About this task: Please give back word for word the lines of the material below between the line containing "ヘコむあだ名 | 『シディ(笑)』『酢こんぶ』 |" and the line containing "ИКЕА IKEA Открытые", inclusive.

Records:
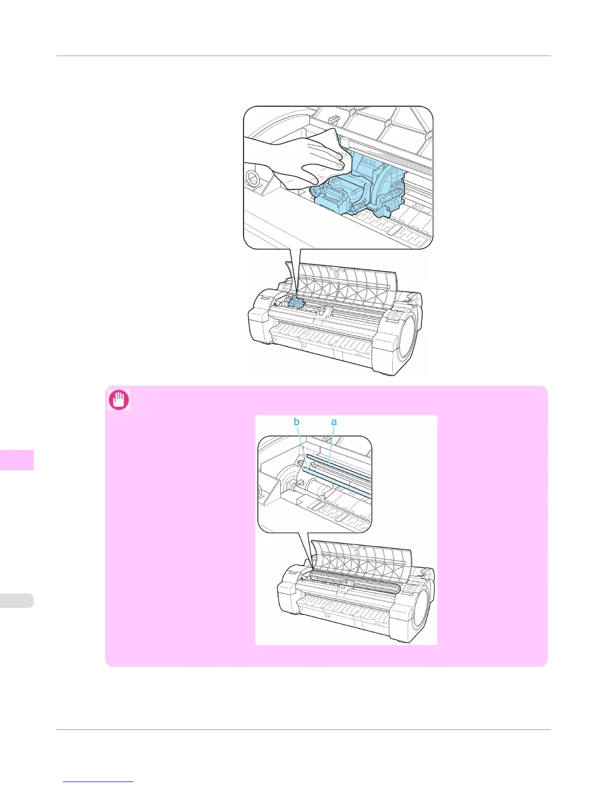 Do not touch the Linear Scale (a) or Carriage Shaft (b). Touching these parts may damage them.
...
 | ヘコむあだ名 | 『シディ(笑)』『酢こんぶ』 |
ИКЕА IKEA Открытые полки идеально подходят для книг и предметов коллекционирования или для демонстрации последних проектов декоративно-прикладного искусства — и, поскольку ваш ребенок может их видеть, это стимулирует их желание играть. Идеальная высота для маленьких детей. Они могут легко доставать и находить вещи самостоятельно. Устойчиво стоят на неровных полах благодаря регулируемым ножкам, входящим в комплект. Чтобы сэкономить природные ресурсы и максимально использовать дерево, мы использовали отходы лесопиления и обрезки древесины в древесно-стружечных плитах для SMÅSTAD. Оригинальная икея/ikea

Result of this task:
 | ヘコむあだ名 | 『シディ(笑)』『酢こんぶ』 |
ИКЕА IKEA Открытые полки идеально подходят для книг и предметов коллекционирования или для демонстрации последних проектов декоративно-прикладного искусства — и, поскольку ваш ребенок может их видеть, это стимулирует их желание играть. Идеальная высота для маленьких детей. Они могут легко доставать и находить вещи самостоятельно. Устойчиво стоят на неровных полах благодаря регулируемым ножкам, входящим в комплект. Чтобы сэкономить природные ресурсы и максимально использовать дерево, мы использовали отходы лесопиления и обрезки древесины в древесно-стружечных плитах для SMÅSTAD. Оригинальная икея/ikea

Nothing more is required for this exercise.